B. PENGERTIAN MALPRAKTIK
Malpraktik atau malapraktik terdiri dari dua suku kata “mala” dan “praktik”. Mala berarti
salah atau tidak semestinya dan praktik berarti proses penanganan kasus (pasien) dari seorang
profesional yang sesuai dengan prosedur kerja yang telah ditentukan oleh kelompok profesinya.
Malpraktik menurut Kamus Hukum “Blacks Law Dictionary” menyebutkan pengertian
malpraktik adalah adanya kesembronoan (professional misconduct) atau ketidakcakapan yang
tidak dapat diterima (unreasonable lack of skill) yang diukur dengan ukuran yang terdapat pada
tingkat keterampilan sesuai dengan derajat ilmiah yang lazimnya dipraktikkan pada setiap situasi
dan kondisi di dalam komunitas anggota profesi yang mempunyai reputasi dan keahlian rata –
rata.
Malpraktik adalah akibat dari sikap tidak peduli, kelalaian, atau kurang keterampilan,
kurang hati-hati dalam melaksanakan tugas profesi, berupa pelanggaran yang disengaja,
pelanggaran hukum atau pelanggaran etika.

C. PENYEBAB MALPRAKTIK
Malpraktik dapat terjadi karena adanya tindakan atau perbuatan diantaranya :
Kelakuan Buruk (misconduct), tindakan kelalaian (negligence), ataupun suatu ketidakmahiran atau
ketidakkompeten yang tidak beralasan.
1. Kelakuan Buruk (Professional Missconduct)
Merupakan kesengajaan dapat dilakukan dalam bentuk pelanggaran ketentuan etik,
ketentuan disiplin profesi, hukum administrasi, serta hukum pidana dan perdata. Misalnya
dalam melakukan tindakan yang merugikan pasien diantaranya:
a. Penipuan terhadap pasien
b. Penahanan pasien
c. Pelanggaran wajib simpan rahasia kedokteran
d. Aborsi illegal
e. Euthanasia
f. Penyerangan seksual
g. Memberikan keterangan palsu
h. Menggunakan ilmu pengetahuan dan teknologi kedokteran yang belum teruji atau
diterima
i. Sengaja melanggar standar profesi, standar operasional prosedur
j. Sengaja berpraktik tanpa surat izin praktik
k. Sengaja berpraktik di luar kompetensinya/ kewenangannya

2. Kelalaian Medis (Negligence)


Kelalaian adalah kegagalan untuk bersikap hati – hati, kurang berpikir cermat, kurang
pengetahuan, atau bertindak kurang terarah dibanding dengan orang lain pada umumnya.
Kelalaian medis dapat berupa tiga bentuk, yaitu :
a. Malfeasance
Melakukan tindakan yang melanggar hukum atau tidak tepat misalnya melakukan
tindakan medis tanpa indikasi yang memadai, lalai membuat keputusan
b. Misfeasance
Melakukan pilihan tindakan medis yang tepat namun dilaksanakan dengan tidak tepat
misalnya melakukan tindakan medis dengan menyalahi prosedur
c. Nonfeasance
Tidak melakukan tindakan medis yang seharusnya dilakukan
Kelalaian memiliki empat unsur :
1) Adanya kewajiban untuk melakukan atau tidak melakukan sesuatu (duty)
2) Adanya pelanggaran atau kegagalan memenuhi kewajiban tersebut (dereliction of
that duty)
3) Adanya kerugian atau cedera pada pasien (damages)
4) Adanya hubungan kausalitas antara pelanggaran atau kegagalan memenuhi
kewajiban tersebut dengan cedera atau kerugian. (direct causation)

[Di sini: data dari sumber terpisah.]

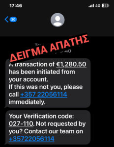 Η Υποδιεύθυνση Ηλεκτρονικού Εγκλήματος Αρχηγέιου Αστυνομίας, έχει δεχθεί το τελευταίο διάστημα αυξημένο αριθμό καταγγελιών από πολίτες, αναφορικά με παραπλανητικά τηλεφωνικά μηνύματα (SMS) που αποστέλλονται μαζικά και εμφανίζονται ψευδώς ως προερχόμενα από τραπεζικούς οργανισμούς. Τα εν λόγω μηνύματα συνήθως περιλαμβάνουν δήθεν πληροφορίες για ανεξουσιοδότητες συναλλαγές ή κωδικούς επιβεβαίωσης και καλούν τον παραλήπτη να επικοινωνήσει με συγκεκριμένο αριθμό τηλεφώνου. Πρόκειται για κακόβουλες ενέργειες με σκοπό την απόσπαση ευαίσθητων προσωπικών ή/και τραπεζικών δεδομένων και χρηματικών ποσών. Συστάσεις προς το κοινό: Μην καλείτε αριθμούς τηλεφώνου που αναφέρονται σε ύποπτα ή ανεπιθύμητα μηνύματα. Μην κοινοποιείτε προσωπικά ή τραπεζικά στοιχεία μέσω τηλεφώνου ή γραπτού μηνύματος. Επικοινωνήστε άμεσα με την τράπεζά σας, μόνο μέσω των επίσημων καναλιών (π.χ. τηλεφωνικό κέντρο, επίσημη εφαρμογή). Καταγγείλετε κάθε τέτοιο περιστατικό στην Υποδιεύθυνση Ηλεκτρονικού Εγκλήματος, στο τηλέφωνο 22808200. Η πρόληψη ξεκινά από την ενημέρωση. Μείνετε σε εγρήγορση και προστατέψτε τα προσωπικά και τραπεζικά σας δεδομένα από κακόβουλες ενέργειες.

D. JENIS – JENIS MALPRAKTIK


1. Malpraktik Etik (Ethic Malpractice)
Merupakan tindakan yang disengaja melanggar etika profesi atau kelalaian yang dilakukan
tenaga kesehatan dalam melaksanakan kode etik profesi. Masing – masing profesi
memiliki kode etik yang wajib dipatuhi oleh setiap tenaga kesehatan. Jika adanya
pelanggaran terhadap kode etik maka diberikan sanksi oleh organisasi profesi berupa
sanksi etik. Sanksi etik pada umumnya berupa teguran lisan, teguran tertulis dan
dikeluarkan dari organisasi.
2. Malpraktik Hukum (Yuridis Malpractice)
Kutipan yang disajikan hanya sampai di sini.